## Instructions to follow
Search the entries below for "假设现有一条数据,它的 row_trx_id=10,数据的值为 data0,它的". Give that line and all the lines after it again, exactly, through the last, without pictures.

## Data in this exercise
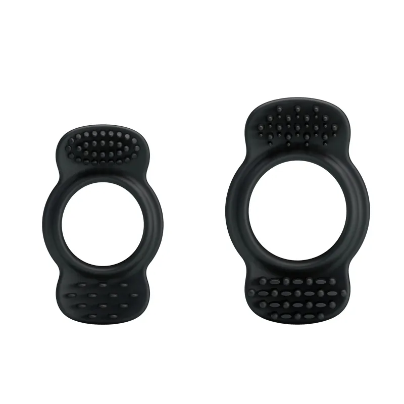 Набор эрекционных колец черного цвета для дополнительной стимуляции. Эластичные, легко растягиваются до необходимого размера. Эта маленькая изюминка поможет украсить сексуальную жизнь - усилить эрекцию и сделать половой акт более продолжительным. Характеристика: вес колец- 5 и 8 гр, внешний диаметр колец- 3,7 и 4,5 см, внутренний диаметр отверстий- 2,5 и 3 см. Упаковка: блистер.
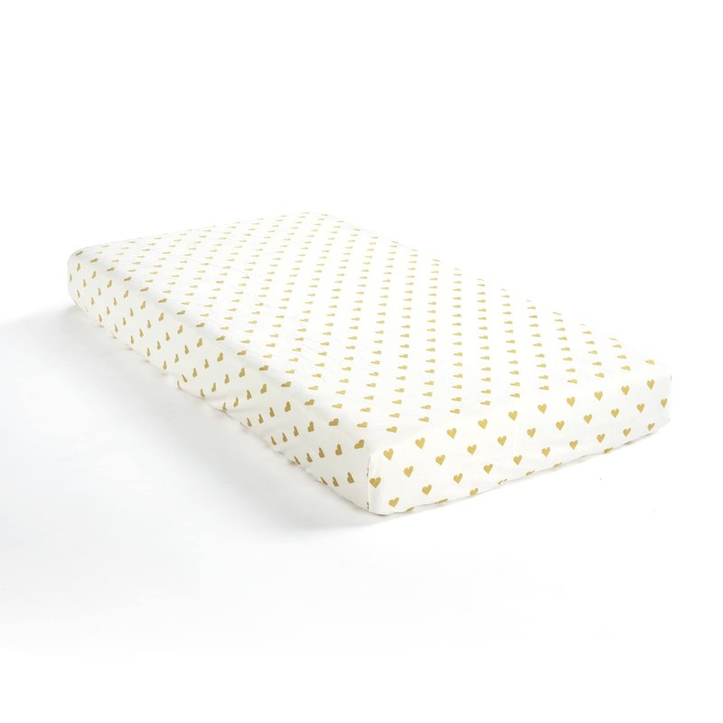 - The soft plush fabric and adorable heart print on this fitted crib sheet make this the perfect addition to your little one's nursery. This stylish pattern fits into many nursery themes and is a fun and chic piece to add to your nursery decor.
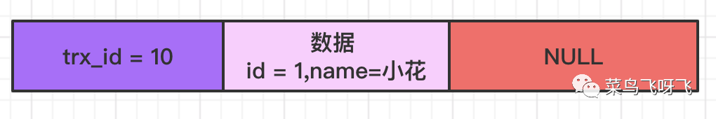 假设现有一条数据,它的 row_trx_id=10,数据的值为 data0,它的 roll_pointer 指针为 null。
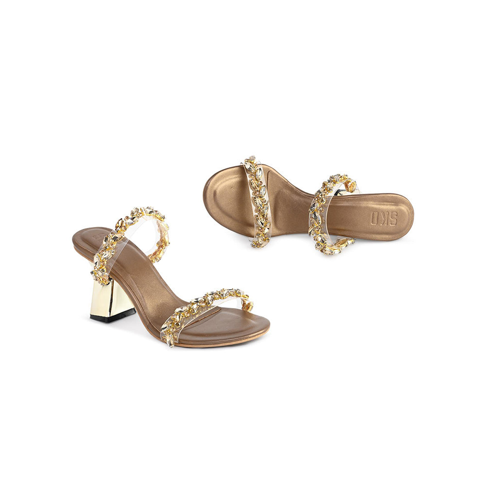 Description : These Stunning Open Mules Are Crafted From Clear Pvc with Dazzling Embellishment That Will Catch Everyone's Eye. With 4Mm Padding and A 3-Inches Twisted Heel, You'll Experience Both Comfort and Style, While The Sole Sheet Ensures Durability. These Heels Are Appropriate for Any Festive Occasion.
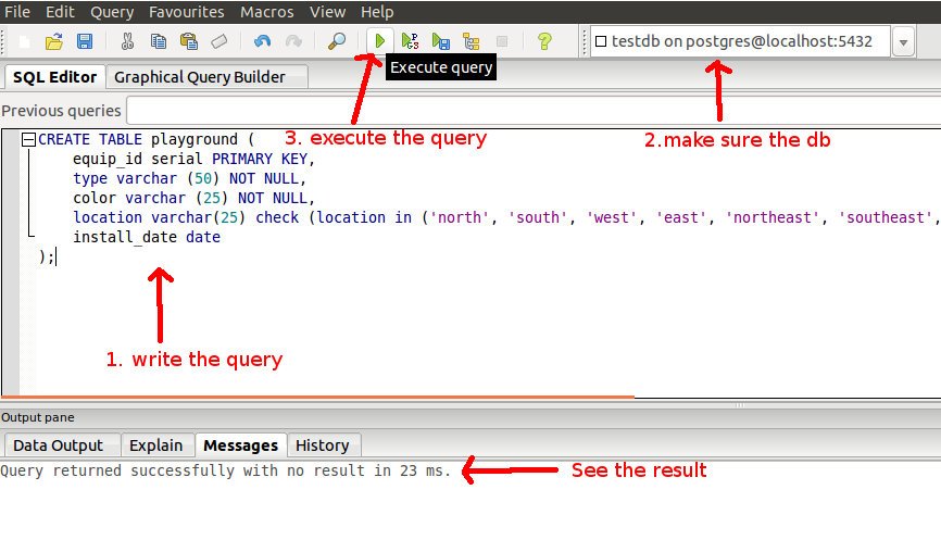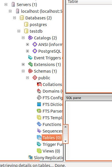 Create a new database. Select ‘Databases’->right click and click ‘New Database…’-> On ‘Name’ fill (for example) ‘testdb’
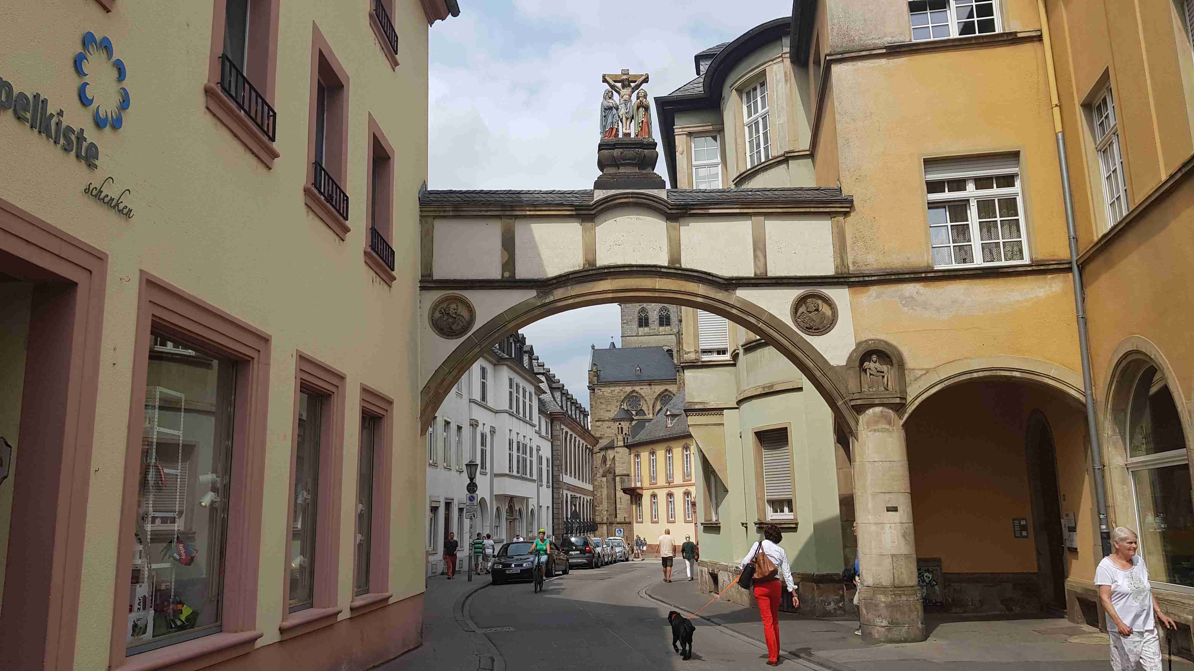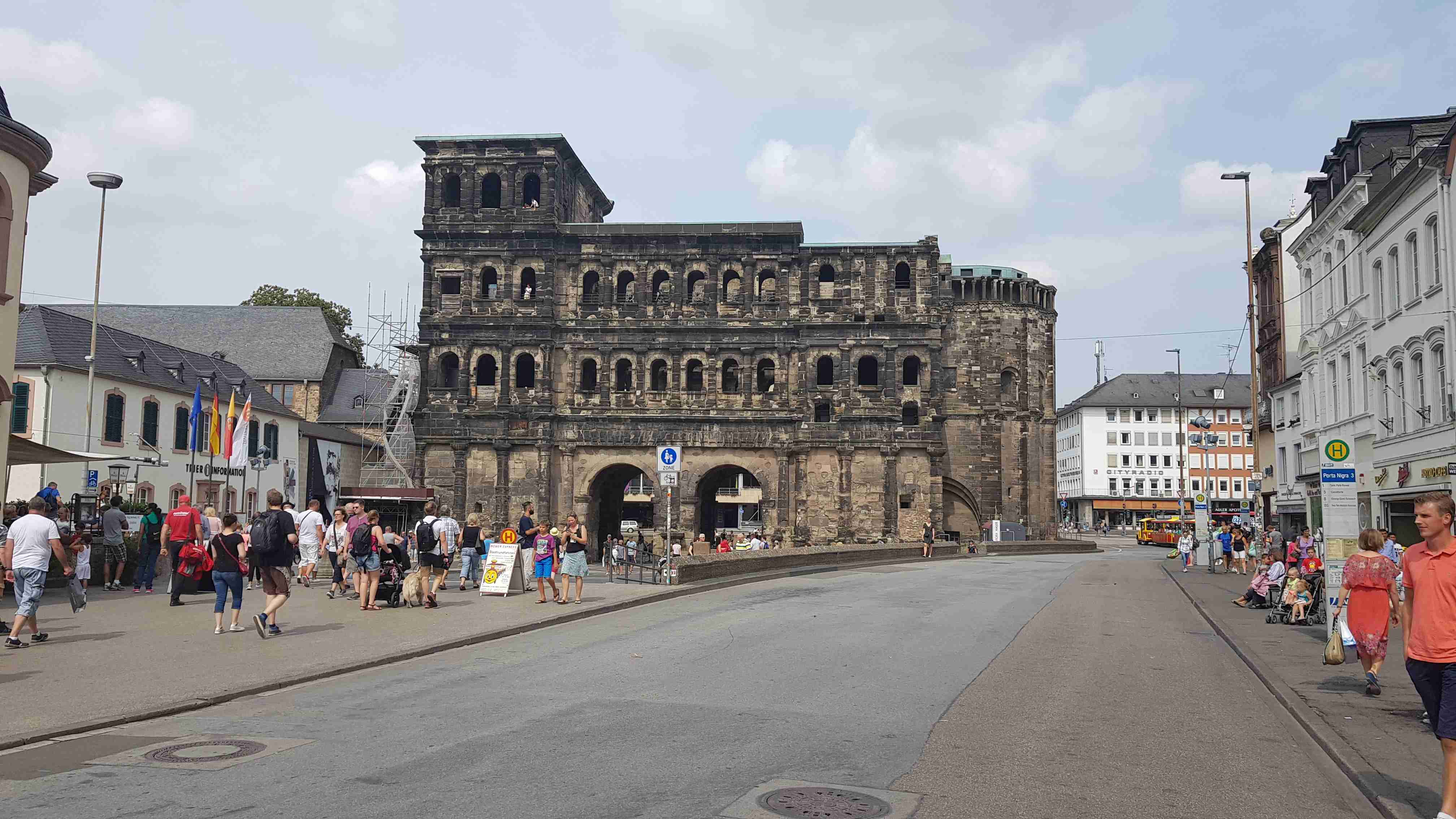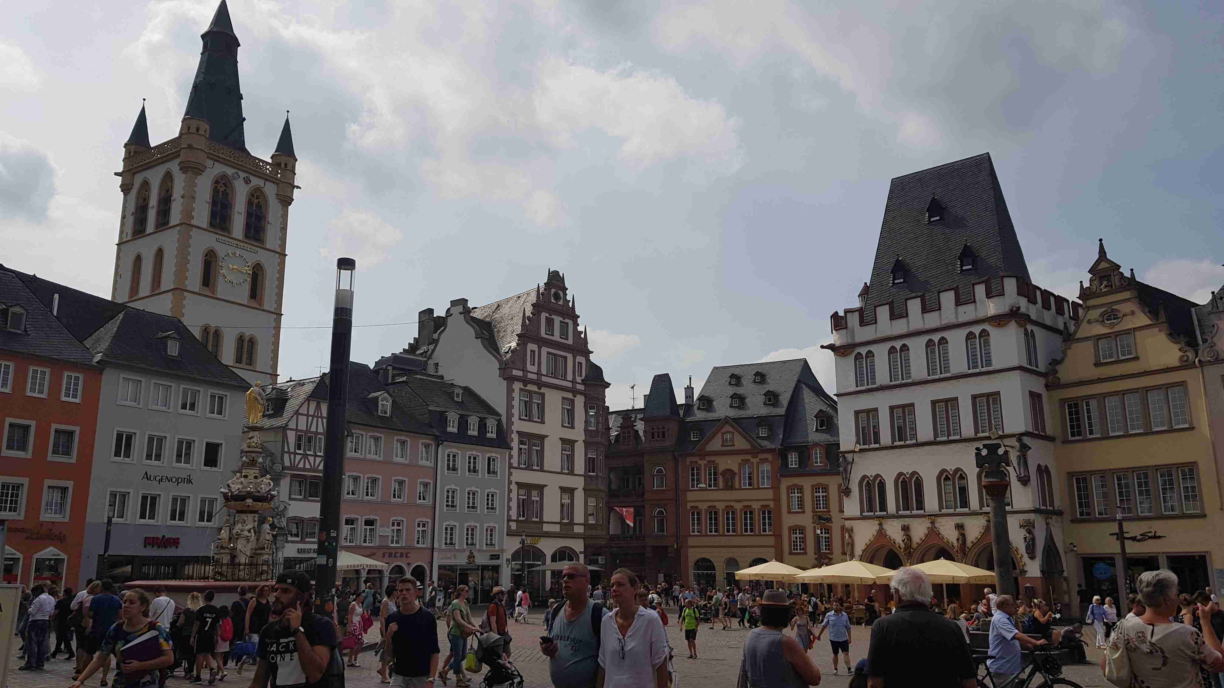 Autobusem jsme se ráno přepravili do Hermeskeilu, což bylo skoro hodinu a půl cesty. Odtud jsme pak vyrazili na kolech po Ruwer-Hochwald Radweg, jenž vedla opět po bývalé železniční trati, do Trevíru, jednoho z nejstarších měst v Německu. Bylo pod mrakem, a tak cesta byla oproti předchozím hodně slunečným dnům příjemnější. Po cyklostezce jsme dojeli do Trevíru, projeli okrajem města a našli jsme autobus parkující kousek od císařských lázní. Kola jsme nechali u busu a pěšky vyrazili do centra, které jsme již znali z naší předchozí návštěvy. Došli jsme až k Porta Nigra, kde jsme si v restauraci u infocentra dali pivo a víno a pomalu jsme se vrátili k autobusu a odjeli zpět na penzion.

## Solution
 假设现有一条数据,它的 row_trx_id=10,数据的值为 data0,它的 roll_pointer 指针为 null。
 Description : These Stunning Open Mules Are Crafted From Clear Pvc with Dazzling Embellishment That Will Catch Everyone's Eye. With 4Mm Padding and A 3-Inches Twisted Heel, You'll Experience Both Comfort and Style, While The Sole Sheet Ensures Durability. These Heels Are Appropriate for Any Festive Occasion.
 Create a new database. Select ‘Databases’->right click and click ‘New Database…’-> On ‘Name’ fill (for example) ‘testdb’
 Autobusem jsme se ráno přepravili do Hermeskeilu, což bylo skoro hodinu a půl cesty. Odtud jsme pak vyrazili na kolech po Ruwer-Hochwald Radweg, jenž vedla opět po bývalé železniční trati, do Trevíru, jednoho z nejstarších měst v Německu. Bylo pod mrakem, a tak cesta byla oproti předchozím hodně slunečným dnům příjemnější. Po cyklostezce jsme dojeli do Trevíru, projeli okrajem města a našli jsme autobus parkující kousek od císařských lázní. Kola jsme nechali u busu a pěšky vyrazili do centra, které jsme již znali z naší předchozí návštěvy. Došli jsme až k Porta Nigra, kde jsme si v restauraci u infocentra dali pivo a víno a pomalu jsme se vrátili k autobusu a odjeli zpět na penzion.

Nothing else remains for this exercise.